Judicial decisions and the individual judges behind the judgments are liable to claims of objectivity and impartiality. Given the workload judges face, the vast diversity of subject matter they are expected to master, and – more fundamentally – given the fact that they run on human brains, it comes as no surprise that judgments don’t always meet normatively accurate standards. Studies so far have focussed mostly on judges’ susceptibility to the pursuance of biased political goals as well as to the influence of their emotional dispositions. Another angle from which judicial decision-making can be approached is the heuristics and biases program.

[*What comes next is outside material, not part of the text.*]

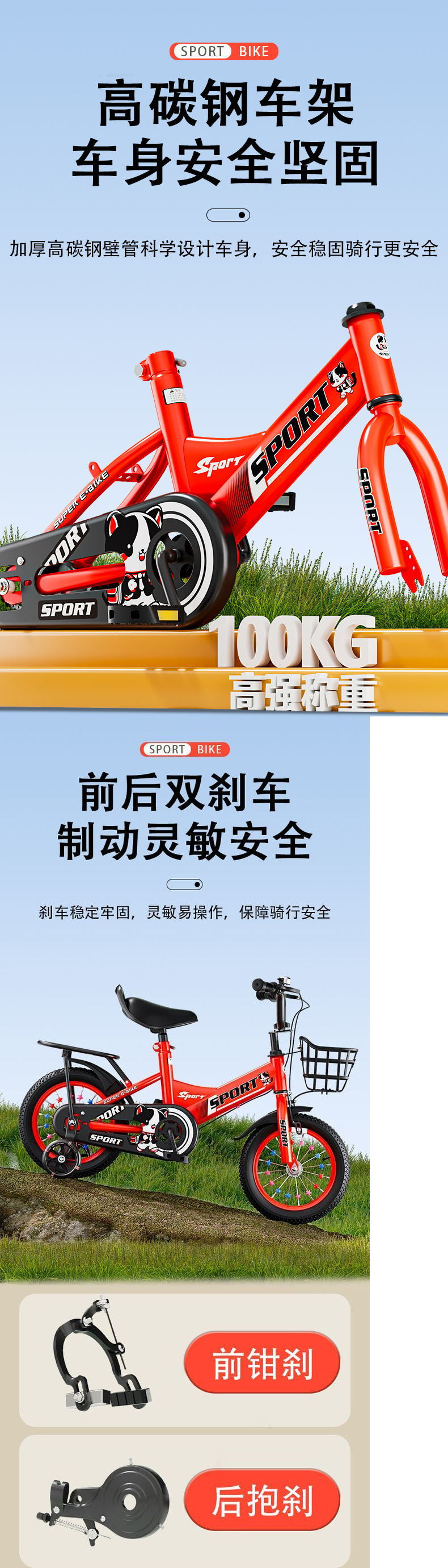 luxury boutique red [rear-seat model + deluxe gift set] – 12-inch, suitable for children 80–95cm tall

Judicial cognitive psychology
This field of inquiry belongs to “Behavioural Law and Economics”, representing a new form of forensic psychology. Groundwork for this research has been provided by Tversky and Kahneman, whose “Judgment under Uncertainty” in 1974 influences present researchers’ work in a wide range of disciplines. Applying the heuristics and biases program, Swiss legal scholar Mark Schweizer published his PhD thesis in 2005. Among other things, it contains an examination of important biases judges are prone to. Although the issue is of greater relevance in the common law system than in civil law countries due to differing scopes of judicial decisional power, research of kinds is of fundamental practical significance. (In civil law countries, the bias-analysis transfers to the legislator to a greater extent.)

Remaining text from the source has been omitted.